Get-ClusterLog -Destination C:\ClusterLogs -TimeSpanMinutes 30

Look for lines containing “poison” or “timeout”. If you see references to a specific disk CSV (Cluster Shared Volume), run Get-ClusterSharedVolume -Name <CSVName> | Get-ClusterParameter and check the BlockSize or LunReserveSize values. I’ve fixed nodes by increasing the CSV redirect timeout:

(Get-Cluster).BlockedRedirectedAccessTimeout = 30

Default is 5 seconds; bumping it to 30 gives the node more room to recover before being declared dead.

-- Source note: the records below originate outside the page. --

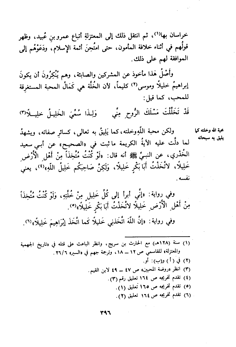 وَأَصْلُ هَذَا مَأْخُوذٌ عَنِ الْمُشْرِكِينَ وَالصَّابِئَةِ، وَهُمْ يُنْكِرُونَ أَنْ يَكُونَ إِبْرَاهِيمُ خَلِيلًا وَمُوسَى كَلِيمًا، لِأَنَّ الْخُلَّةَ هِيَ كَمَالُ الْمَحَبَّةِ الْمُسْتَغْرِقَةِ لِلْمُحِبِّ، كَمَا قِيلَ:
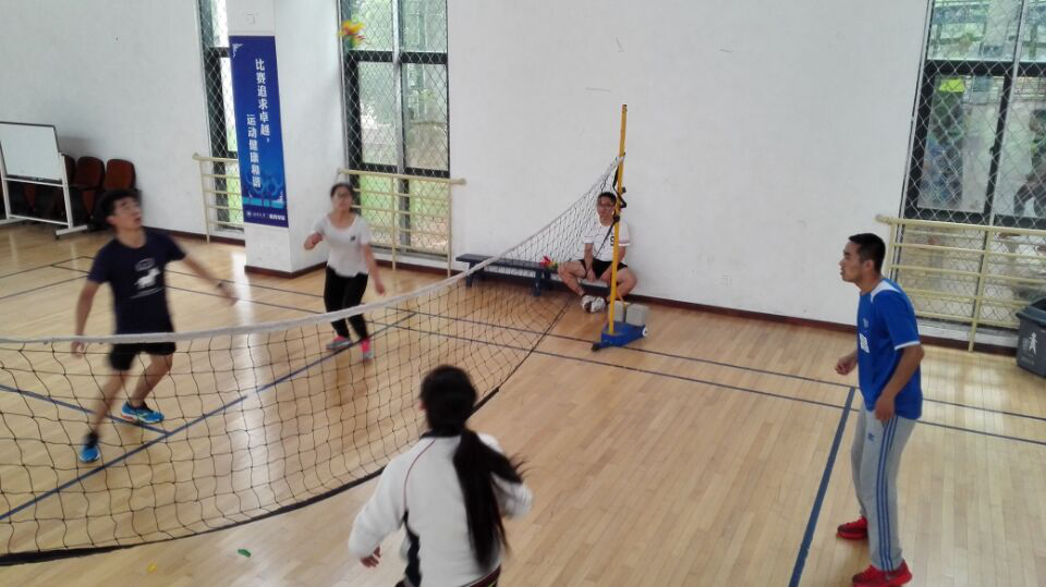 次毽球趣味比赛活动为团体赛制,每队三人,
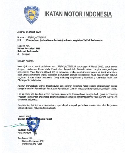 Sebagai informasi tambahan surat edaran yang dikeluarkan oleh Ikatan Motor Indonesia (IMI) tertanggal 20 November 2020 dengan nomor 479/IMI/A/XI/2020, justru tidak membuat event balap Jabar Open 2020 tertunda. Event yang berlangsung (22/11) justru berlangsung lancar dengan mengedepankan protokol kesehatan Gilmoters. Bagaimana menurut kalian?
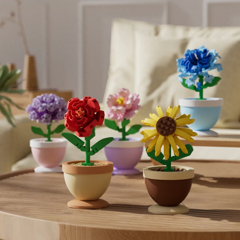 Building Blocks, Flower Pots, Roses, Sunflowers, Carnations, Micro-Grained Children'S Educational Assembly Toy Ornaments
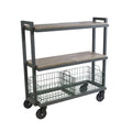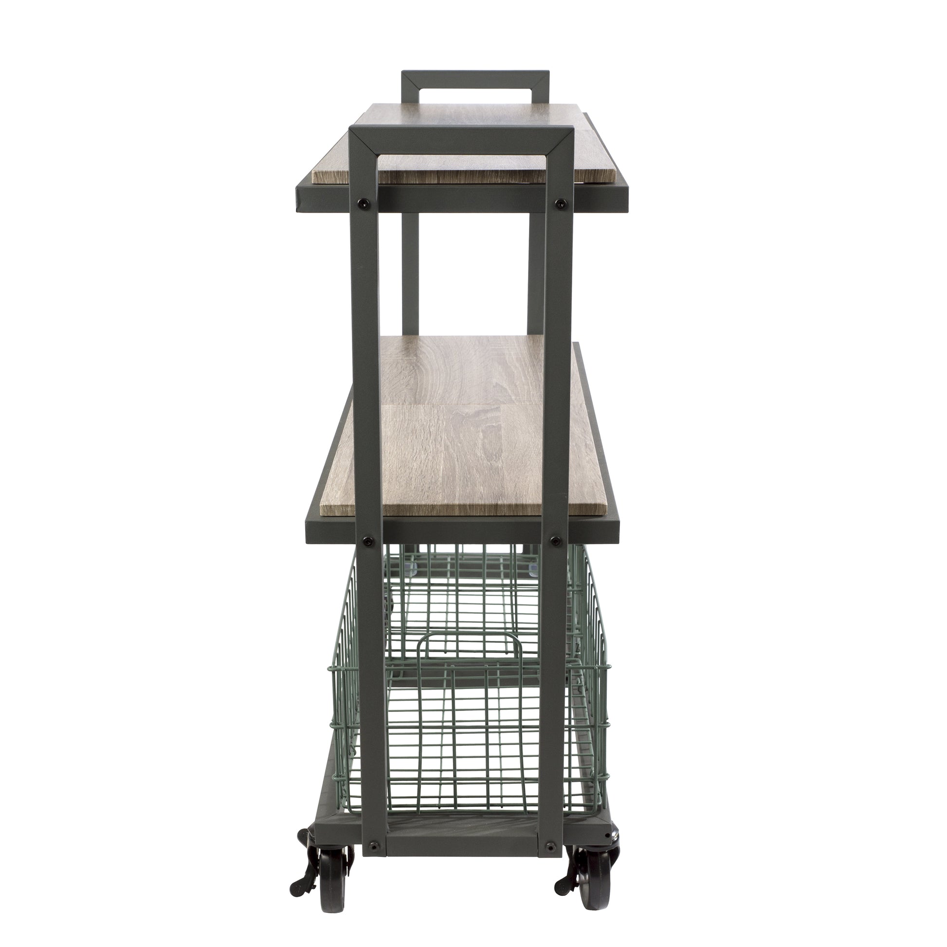 3 Tier Cart, Interchangeable Baskets And Shelves, Caster Wheels, Powder Coated Metal In Green Green Metal

Prevention – keep nodes from getting poisoned again

Monitor storage latency – Set alerts on disk response times over 20 ms for CSV disks. Use PerfMon counters Cluster Shared Volume\Avg. Disk sec/Read and Write.
Update NIC drivers and firmware – Outdated Broadcom or Intel drivers are notorious for causing heartbeats to drop. Keep them current.
Add a dedicated heartbeat network – Use a separate VLAN or physical NIC for cluster communication, with higher priority in the cluster network config. Run Get-ClusterNetwork | Where Role -eq 'Cluster' | Set-ClusterNetwork -Priority 1.
Check event ID 1069 and 1135 – These log cluster resource failures and node removal attempts. Correlate them with storage and network events to catch issues early.
Increase Cluster service crash count threshold – If you have flaky hardware you can’t replace immediately, raise the poison limit with a registry key:
HKLM\Cluster\Parameters\PoisonThreshold (DWORD, default 3, max 10). But this is a band-aid – fix the root cause.

That’s it. No silver bullet, but these steps have saved my bacon on multiple clusters. If you’re still stuck, check the cluster log for “ERROR_CLUSTER_POISONED” and look for the first timeout event. That’ll point you right to the problem component.